[Start of Attachment]

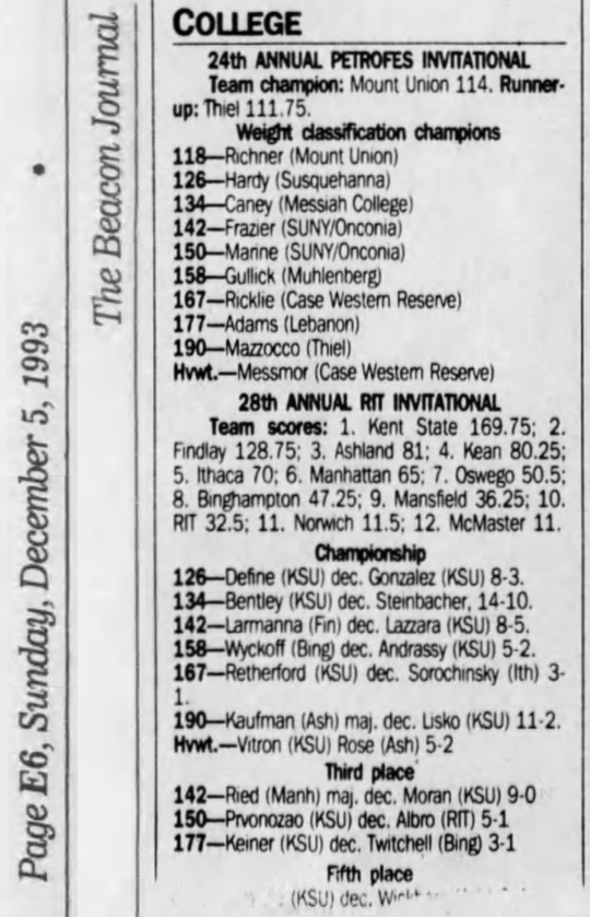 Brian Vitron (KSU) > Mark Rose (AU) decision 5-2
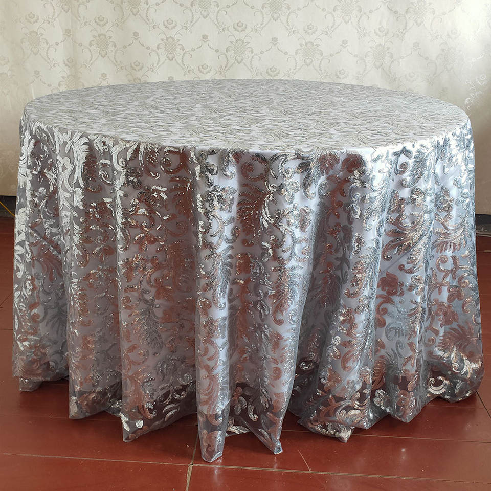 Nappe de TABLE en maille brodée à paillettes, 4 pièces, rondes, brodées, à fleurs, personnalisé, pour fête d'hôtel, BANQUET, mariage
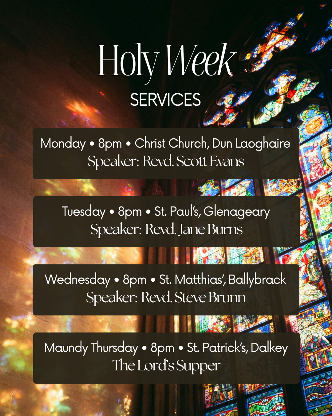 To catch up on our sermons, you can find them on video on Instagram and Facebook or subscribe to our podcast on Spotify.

[End of Attachment]
[Start of Attachment]

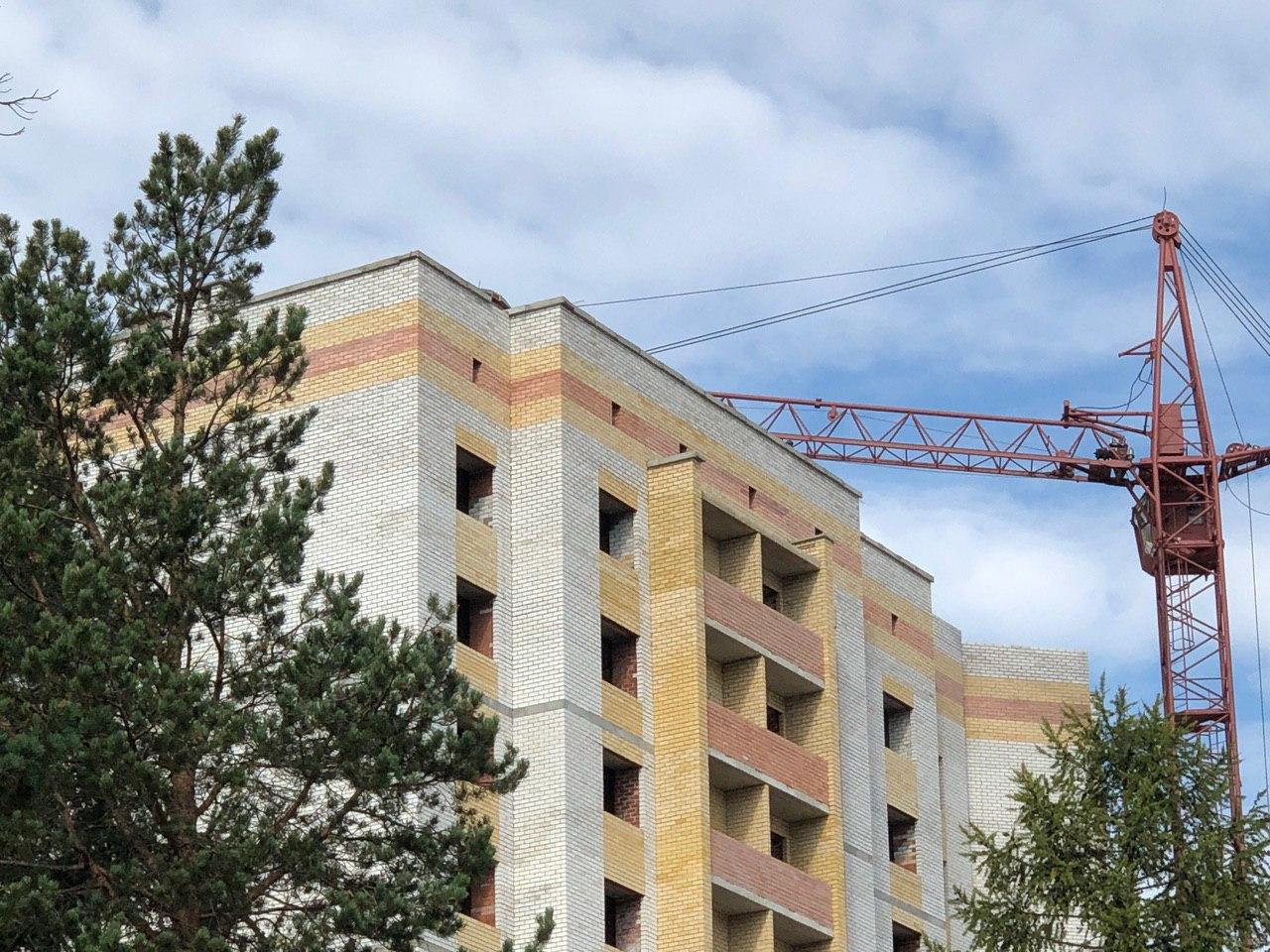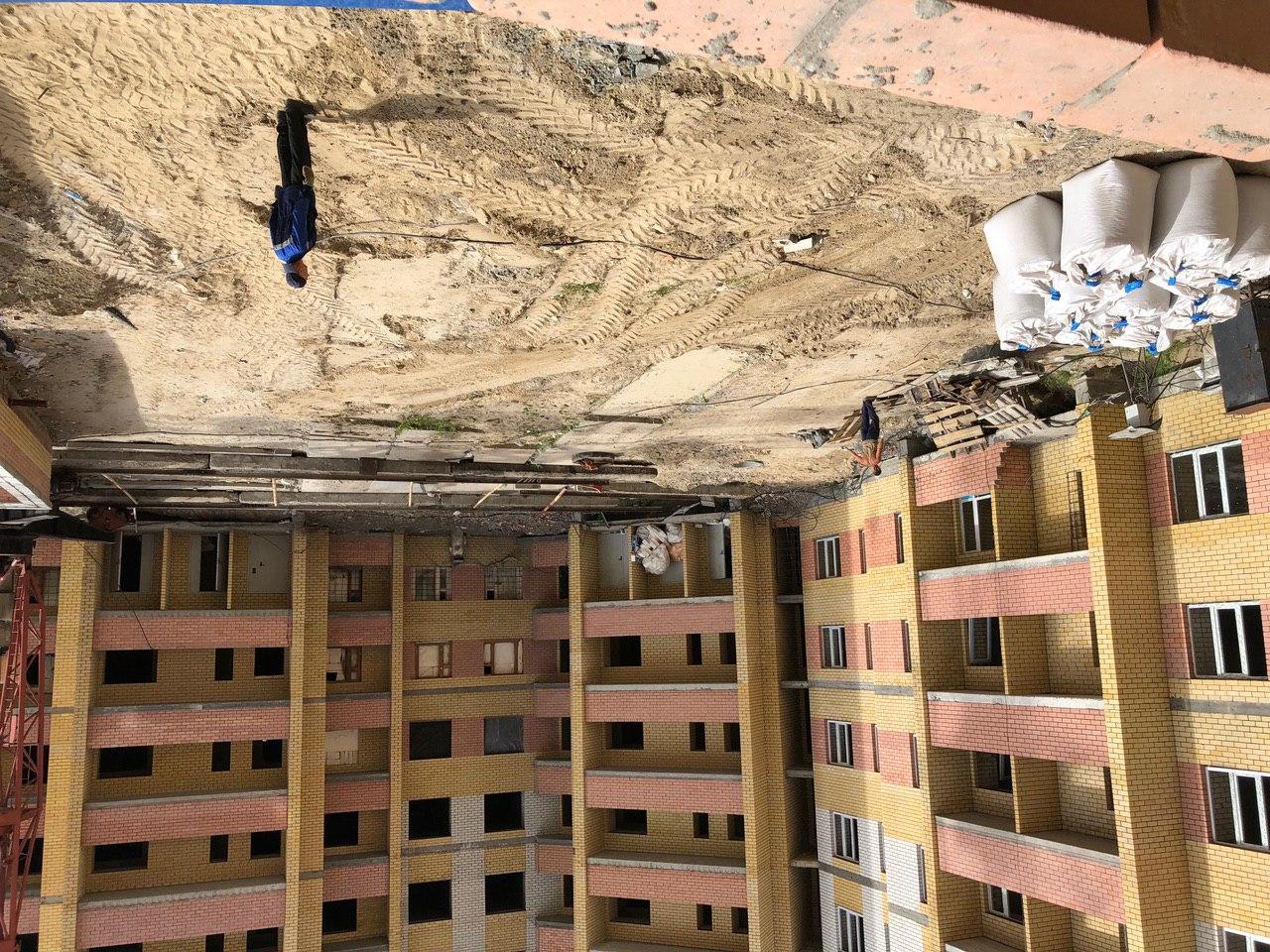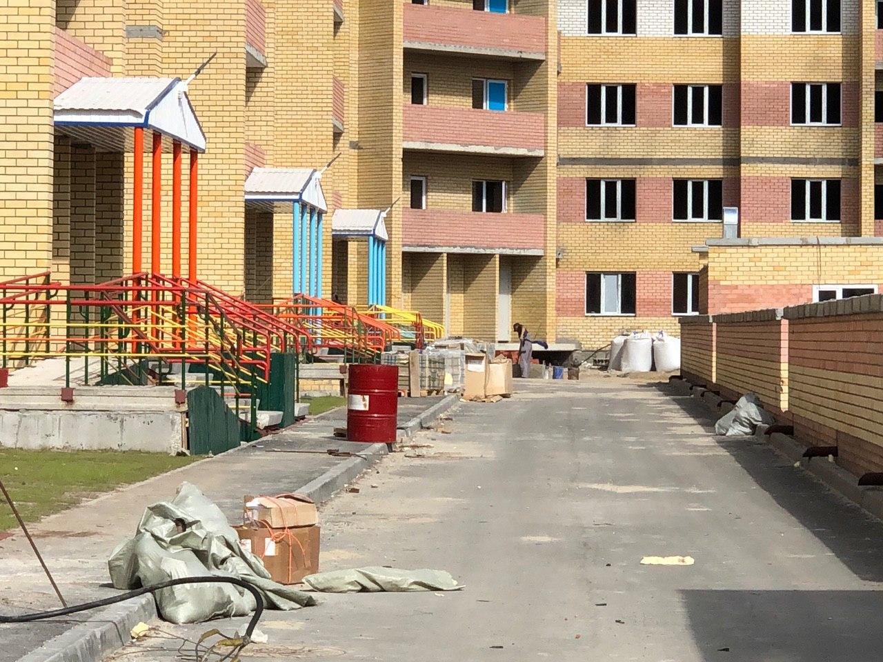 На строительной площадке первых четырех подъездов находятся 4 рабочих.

[End of Attachment]

=== WHAT THE TASK ASKS ===
With the pictures omitted, copy the entries above exactly from the line containing "Brian Vitron (KSU)" through the line containing "Nappe de TABLE", both lines included.

=== REPLY ===
 Brian Vitron (KSU) > Mark Rose (AU) decision 5-2
 Nappe de TABLE en maille brodée à paillettes, 4 pièces, rondes, brodées, à fleurs, personnalisé, pour fête d'hôtel, BANQUET, mariage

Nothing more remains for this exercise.